In the mid 1980s, she decided to challenge longtime incumbent NDP MLA Donald Malinowski for the nomination in the North End Winnipeg riding of St. Johns, which was generally considered a safe seat for the party. "Everyone said it was impossible to beat Father Malinowski," she said. Wasylycia-Leis' campaign for the nomination gained so much momentum that it led Malinowski to drop out of the race. In the end, she won the 1986 provincial election, defeating Progressive Conservative John Baluta by almost two thousand votes.

On April 17, 1986, Wasylycia-Leis was appointed to the Manitoba cabinet as Minister of Culture, Heritage and Recreation with responsibility for Status of Women and the administration of the Manitoba Lotteries Foundation Act.

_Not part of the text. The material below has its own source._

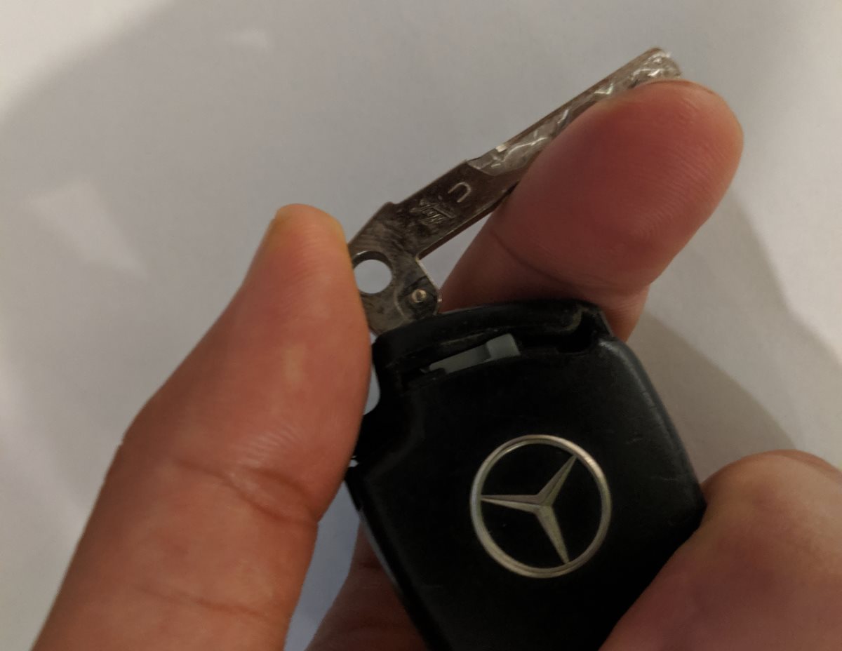 - Remove the emergency key from your old Mercedes key.

She was relieved of the Status of Women responsibility on September 21, 1987, but retained the other two positions until the Pawley government was defeated in the 1988 provincial election.

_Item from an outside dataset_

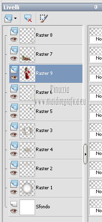 qui puoi trovare qualche risposta ai tuoi dubbi. Se l'argomento che ti interessa non è presente, ti prego di segnalarmelo. Questo tutorial è stato scritto in PSP X5, ma può essere eseguito anche con le altre versioni del programma. Per tradurlo, l'ho eseguito con PSP X. Occorrente: Un tube a scelta. Il resto del materiale qui Il tube utilizzato è di Adrimar. ![]() Apri una nuova immagine bianca 700 x 700 pixels. ![]() Apri l'elemento "masker" e vai a Modifica>Copia. Torna al tuo lavoro e vai a Modifica>Incolla come nuovo livello. Lascialo come sta. Apri l'elemento "sterretjes" e vai a Modifica>Copia. Torna al tuo lavoro e vai a Modifica>Incolla come nuovo livello. Spostalo in alto.Apri la cornice "frame" e vai a Modifica>Copia. Torna al tuo lavoro e vai a Modifica>Incolla come nuovo livello. Lasciala come sta. Apri "achtergrond" e vai a Modifica>Copia. Torna al tuo lavoro e vai a Modifica>Incolla come nuovo livello. Livelli>Disponi>Sposta giù (sotto il livello della cornice). Attiva il livello superiore. Apri "hulst" e vai a Modifica>Copia. Torna al tuo lavoro e vai a Modifica>Incolla come nuovo livello. Spostalo in alto, a destra della cornice.![]() Apri l'elemento "kerstboom" e vai a Modifica>Copia. Torna al tuo lavoro e vai a Modifica>Incolla come nuovo livello. Spostalo in basso a destra.![]() Apri l'elemento "deco" e vai a Modifica>Copia. Torna al tuo lavoro e vai a Modifica>Incolla come nuovo livello. Spostalo sotto la cornice.![]() Apri l'elemento "hert" e vai a Modifica>Copia. Torna al tuo lavoro e vai a Modifica>Incolla come nuovo livello. Spostalo in basso a destra.![]() Apri il tuo tube e vai a Modifica>Copia. Torna al tuo lavoro e vai a Modifica>Incolla come nuovo livello. Immagine>Ridimensiona, se e quanto necessario, tutti i livelli non selezionato. Nella paletta dei livelli porta questo livello sotto il livello della decorazione. ![]() Posiziona il tube nella cornice.Se necessario, attiva lo strumento Gomma ![]() e cancella eventuali tracce del tube visibili sotto la cornice. ![]() Effetti>Effetti 3D>Sfalsa ombra, con settaggi a tua scelta. I miei settaggi. ![]() Attiva il livello superiore. Aggiungi il tuo nome e/o il tuo watermark su un nuovo livello. Livelli>Unisci>Unisci tutto e salva in formato jpg. Se vuoi lasciare lo sfondo trasparente: Elimina il livello bianco di sfondo. Livelli>Unisci>Unisci visibile e salva in formato png. ![]() ![]() Se hai problemi o dubbi, o trovi un link non funzionante, o anche soltanto per un saluto, scrivimi 18 Dicembre 2012 |

Wasylycia-Leis was re-elected in 1988, although by a narrower margin; she defeated Liberal Ruth Oberman, 3,092 votes to 2,480.  In the 1990 provincial election, she was re-elected again by a wider margin, defeating Mark Minenko, the incumbent from Seven Oaks, which was eliminated due to redistribution.

Federal politics
Wasylycia-Leis resigned her seat on August 12, 1993, to seek (and win) the federal NDP nomination in the riding of Winnipeg North. The NDP fared poorly in the 1993 election, however, and Wasylycia-Leis lost to Liberal Rey Pagtakhan by almost 10,000 votes. She subsequently became a co-chair of Cho!ces, a Manitoba social-justice coalition. In the 1997 federal election, Wasylycia-Leis ran in the riding of Winnipeg North Centre, and defeated Liberal Judith Optiz Silver, 13,663 votes to 7,801.  She was re-elected by a wider margin in the 2000 election. In 2003, she supported Bill Blaikie's campaign to become leader of the federal NDP. Redistribution placed Wasylycia-Leis against Pagtakhan again for the 2004 federal election, in the altered riding of Winnipeg North. On this occasion, Wasylycia-Leis defeated Pagtakhan 12,507 votes to 9,491.

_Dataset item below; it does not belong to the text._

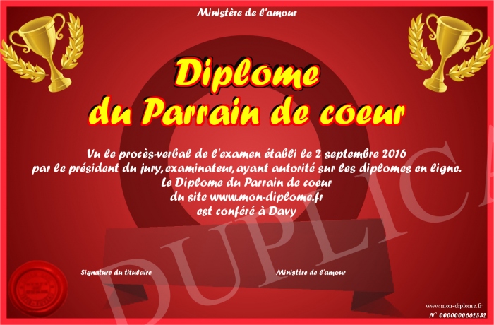 Envoyez par email votre Diplôme du Parrain de coeur personalisé
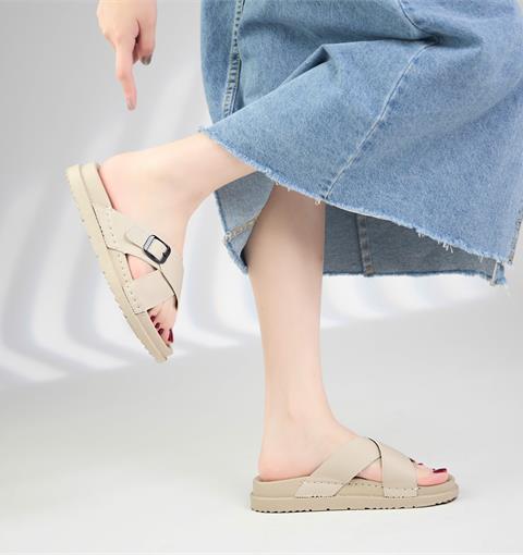 Dép được thiết kế với 2 quai chéo phối khóa lót dán,sử dụng chất liệu da tổng hợp thời trang.

In Parliament, Wasylycia-Leis has focused primarily on issues relating to women (including women's health concerns) and general human rights. She has served as her party's health critic, and was made critic for women's and senior's issues in 2001. She is also an advocate for Israel, and in recent years has been critical of some of her party's foreign policy positions as regards Israel and the Middle East.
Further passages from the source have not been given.